V&A Director Tristram Hunt ‘Grateful’ for Sackler Family Funding Tied to Opioid Crisis
‘We receive very generous support from the Sackler family and we’re grateful for that,’ he told BBC Radio Four
‘We receive very generous support from the Sackler family and we’re grateful for that,’ he told BBC Radio Four
Tristram Hunt, the director of the Victoria and Albert Museum in London, has defended his institution’s acceptance of funding from members of the Sackler family – multibillionaire philanthropists who are linked to the US opioid crisis.
‘Like many other cultural institutions, we receive very generous support from the Sackler family and we’re grateful for that,’ Hunt commented on BBC Radio Four’s Today programme. Hunt said that in the context of slashed public funding to culture, ‘if we want our great cultural institutions to achieve a lot, we also have to seek a broad range of funders.’
On 19 March, London’s National Portrait Gallery became the first leading gallery to reject a grant from the Sackler family – what would have been a GBP£1 million donation. The Tate and New York’s Guggenheim soon followed suit, cutting ties with Sackler funding.
Certain Sackler family members own Purdue Pharma, which produces the highly addictive prescription painkiller OxyContin. It has been alleged that the drug was falsely advertised, and played a major role in the US’s opioid crisis. The company and associated Sackler members have denied wrongdoing.
Artist and activist Nan Goldin has led a high profile campaign against arts institutions’ connections to Sackler money, with her group P.A.I.N. (Prescription Addiction Intervention Now) holding protests across major cultural venues.
Earlier this year, Goldin told frieze that she believed that the age of using the arts for ‘reputation laundering’ was coming to an end: ‘There’s a demand for accountability and visibility now and so you can’t operate in the same way […] There’s a surge of people fighting back against immorality. These times are so dark, so we have to fight against something, we have to pick our fight.’
At the end of March, the Sackler Trust announced that it would halt all new charitable giving in the UK, amid hundreds of lawsuits filed against members of the family over their alleged connections to the US opioid crisis. Chair of the trust and widow of former Purdue owner Mortimer Sackler, Theresa Sackler, said: ‘The Trustees of the Sackler Trust have taken the difficult decision to temporarily pause all new philanthropic giving, while still honouring existing commitments.’ Hunt told the BBC that he respected the decision.

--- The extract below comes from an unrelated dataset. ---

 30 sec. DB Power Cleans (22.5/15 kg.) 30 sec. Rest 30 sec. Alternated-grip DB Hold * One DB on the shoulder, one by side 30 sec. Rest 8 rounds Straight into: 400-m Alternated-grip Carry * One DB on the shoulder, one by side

The V&A currently includes a Sackler centre for arts education, as well as a GBP£2 million courtyard named after the family. Theresa Sackler sits on the V&A’s board of trustees. Questioned over whether she remained a fit person to be a V&A trustee, Hunt defended her position: ‘The Sackler family do dispute much of what is in the courts […] Theresa brings a lot to the conversation in terms of her background as a primary school teacher and her focus on education.’
Hunt continued: ‘We take all of these ethical issues incredibly seriously. It goes to our audit committee. We discuss it in detail.’